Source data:

########

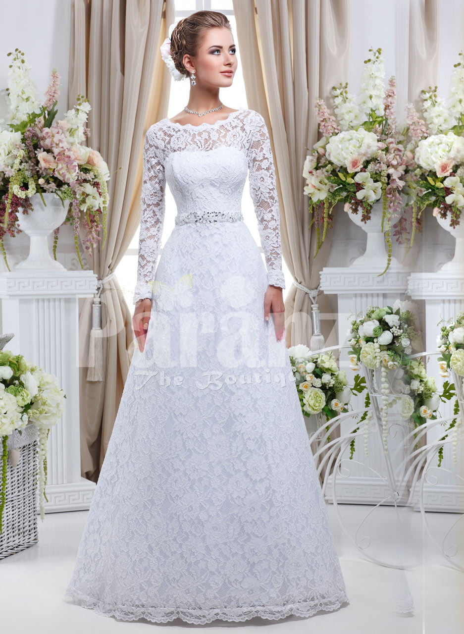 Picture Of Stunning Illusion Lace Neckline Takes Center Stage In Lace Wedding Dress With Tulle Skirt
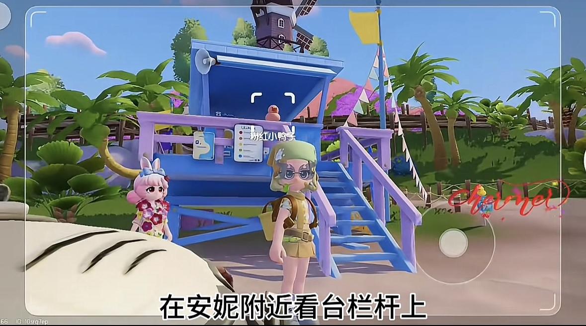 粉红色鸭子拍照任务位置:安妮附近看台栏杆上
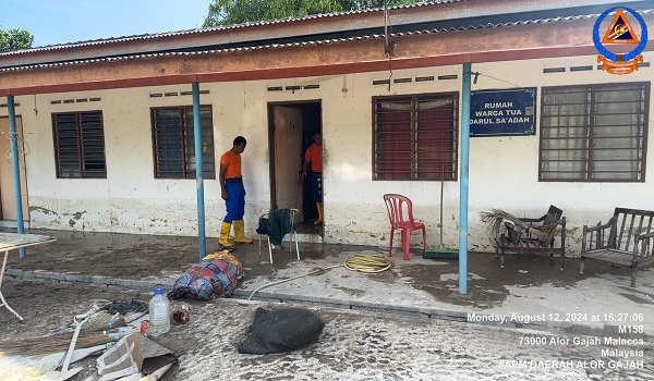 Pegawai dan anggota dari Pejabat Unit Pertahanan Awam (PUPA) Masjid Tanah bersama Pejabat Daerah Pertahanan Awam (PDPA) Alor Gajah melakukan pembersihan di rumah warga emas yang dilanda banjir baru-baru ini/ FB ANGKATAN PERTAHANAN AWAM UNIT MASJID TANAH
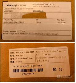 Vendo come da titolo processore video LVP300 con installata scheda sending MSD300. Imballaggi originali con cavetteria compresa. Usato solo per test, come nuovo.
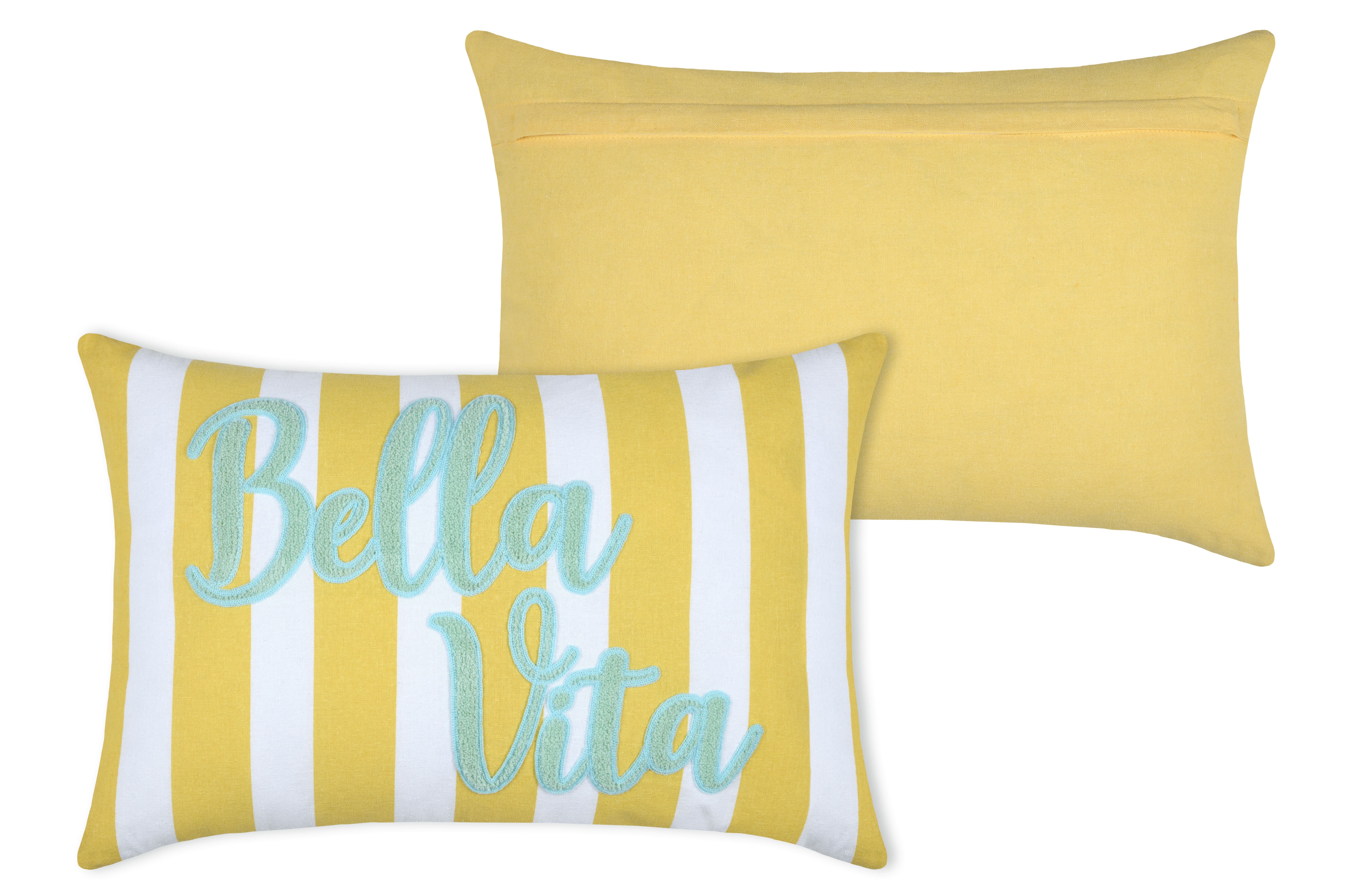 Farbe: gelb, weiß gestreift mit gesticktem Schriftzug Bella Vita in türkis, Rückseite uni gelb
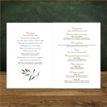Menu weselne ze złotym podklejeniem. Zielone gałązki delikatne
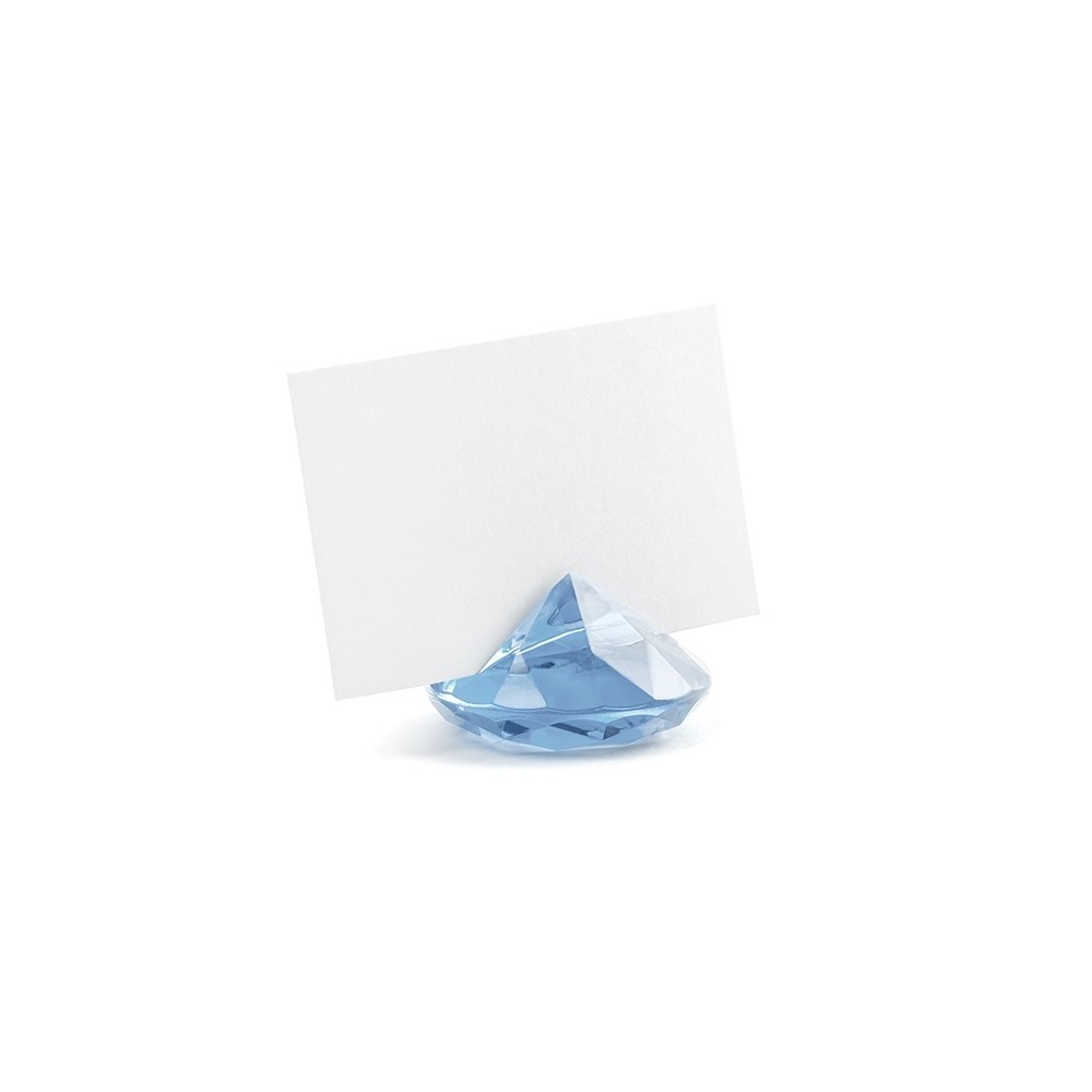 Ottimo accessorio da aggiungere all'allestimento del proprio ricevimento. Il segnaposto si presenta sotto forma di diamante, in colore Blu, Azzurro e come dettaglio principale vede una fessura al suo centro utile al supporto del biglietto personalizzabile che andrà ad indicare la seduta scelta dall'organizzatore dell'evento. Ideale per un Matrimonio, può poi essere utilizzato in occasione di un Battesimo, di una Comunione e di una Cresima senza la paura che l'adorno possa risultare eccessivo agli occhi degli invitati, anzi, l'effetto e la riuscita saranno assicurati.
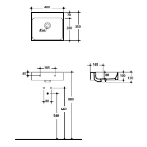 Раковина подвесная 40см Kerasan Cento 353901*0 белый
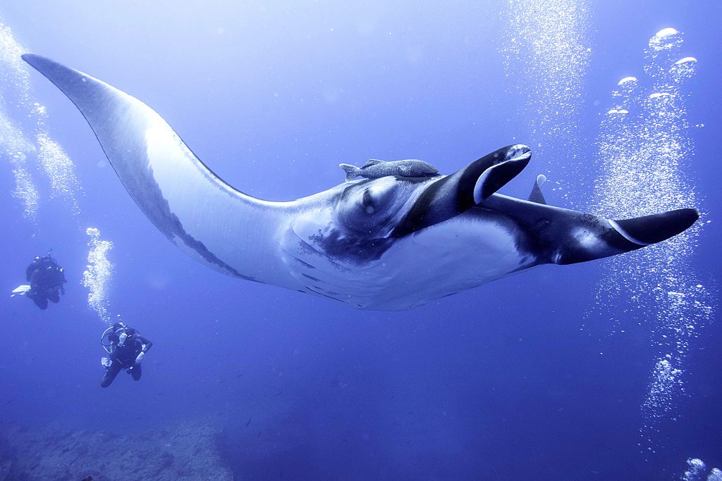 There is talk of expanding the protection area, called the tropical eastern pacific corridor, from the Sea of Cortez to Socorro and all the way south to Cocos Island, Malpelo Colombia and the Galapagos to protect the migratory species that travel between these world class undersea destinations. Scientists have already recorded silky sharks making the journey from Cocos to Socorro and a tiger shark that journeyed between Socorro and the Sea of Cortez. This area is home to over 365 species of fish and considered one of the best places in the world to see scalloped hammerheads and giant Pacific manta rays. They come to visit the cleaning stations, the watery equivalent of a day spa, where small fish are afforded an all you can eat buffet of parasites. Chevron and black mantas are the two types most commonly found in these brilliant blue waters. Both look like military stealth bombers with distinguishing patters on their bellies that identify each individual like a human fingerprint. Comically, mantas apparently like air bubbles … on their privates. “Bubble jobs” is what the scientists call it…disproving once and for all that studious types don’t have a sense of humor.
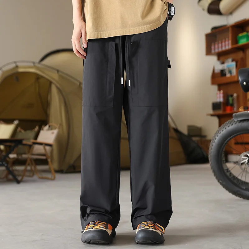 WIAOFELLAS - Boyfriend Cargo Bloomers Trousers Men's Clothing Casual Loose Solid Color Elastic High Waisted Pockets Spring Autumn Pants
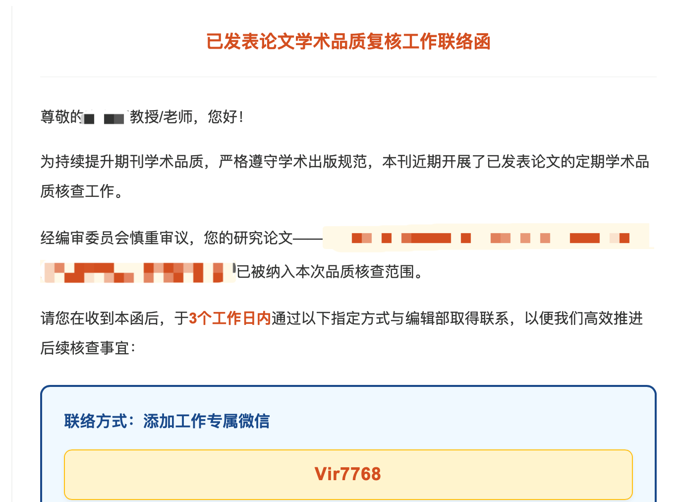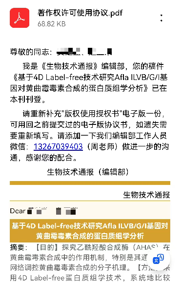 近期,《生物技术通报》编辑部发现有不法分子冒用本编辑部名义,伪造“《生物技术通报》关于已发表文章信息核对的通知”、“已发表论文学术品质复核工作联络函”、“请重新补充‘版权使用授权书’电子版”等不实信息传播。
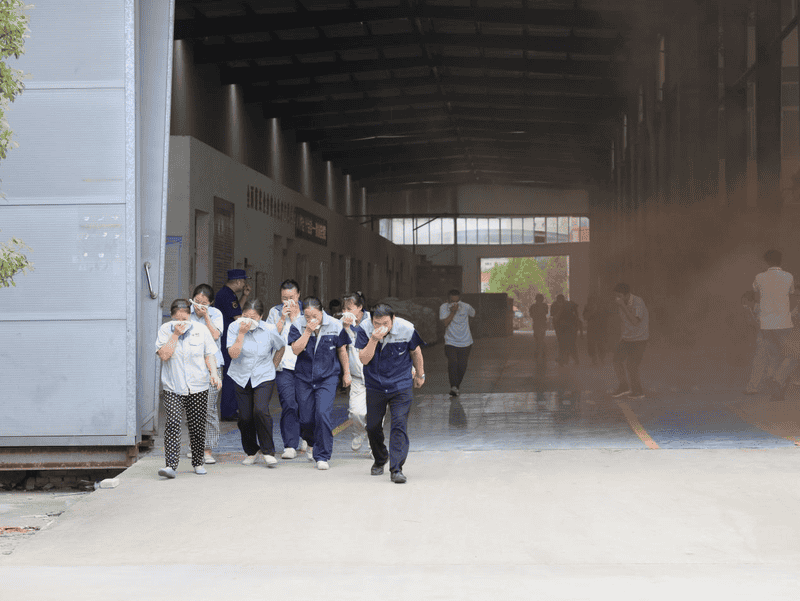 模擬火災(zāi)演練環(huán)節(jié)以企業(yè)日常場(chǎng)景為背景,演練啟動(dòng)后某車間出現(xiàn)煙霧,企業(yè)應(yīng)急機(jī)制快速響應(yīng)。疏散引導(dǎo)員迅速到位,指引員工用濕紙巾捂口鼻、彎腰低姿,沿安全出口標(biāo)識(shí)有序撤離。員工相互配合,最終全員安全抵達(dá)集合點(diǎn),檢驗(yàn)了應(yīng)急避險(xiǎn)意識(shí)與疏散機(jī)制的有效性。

########

** What is needed **
Reproduce the lines above beginning at the line that contains "Pegawai dan anggota" and ending at the line that contains "Раковина подвесная 40см". No pictures.

** Your response **
 Pegawai dan anggota dari Pejabat Unit Pertahanan Awam (PUPA) Masjid Tanah bersama Pejabat Daerah Pertahanan Awam (PDPA) Alor Gajah melakukan pembersihan di rumah warga emas yang dilanda banjir baru-baru ini/ FB ANGKATAN PERTAHANAN AWAM UNIT MASJID TANAH
 Vendo come da titolo processore video LVP300 con installata scheda sending MSD300. Imballaggi originali con cavetteria compresa. Usato solo per test, come nuovo.
 Farbe: gelb, weiß gestreift mit gesticktem Schriftzug Bella Vita in türkis, Rückseite uni gelb
Menu weselne ze złotym podklejeniem. Zielone gałązki delikatne
 Ottimo accessorio da aggiungere all'allestimento del proprio ricevimento. Il segnaposto si presenta sotto forma di diamante, in colore Blu, Azzurro e come dettaglio principale vede una fessura al suo centro utile al supporto del biglietto personalizzabile che andrà ad indicare la seduta scelta dall'organizzatore dell'evento. Ideale per un Matrimonio, può poi essere utilizzato in occasione di un Battesimo, di una Comunione e di una Cresima senza la paura che l'adorno possa risultare eccessivo agli occhi degli invitati, anzi, l'effetto e la riuscita saranno assicurati.
 Раковина подвесная 40см Kerasan Cento 353901*0 белый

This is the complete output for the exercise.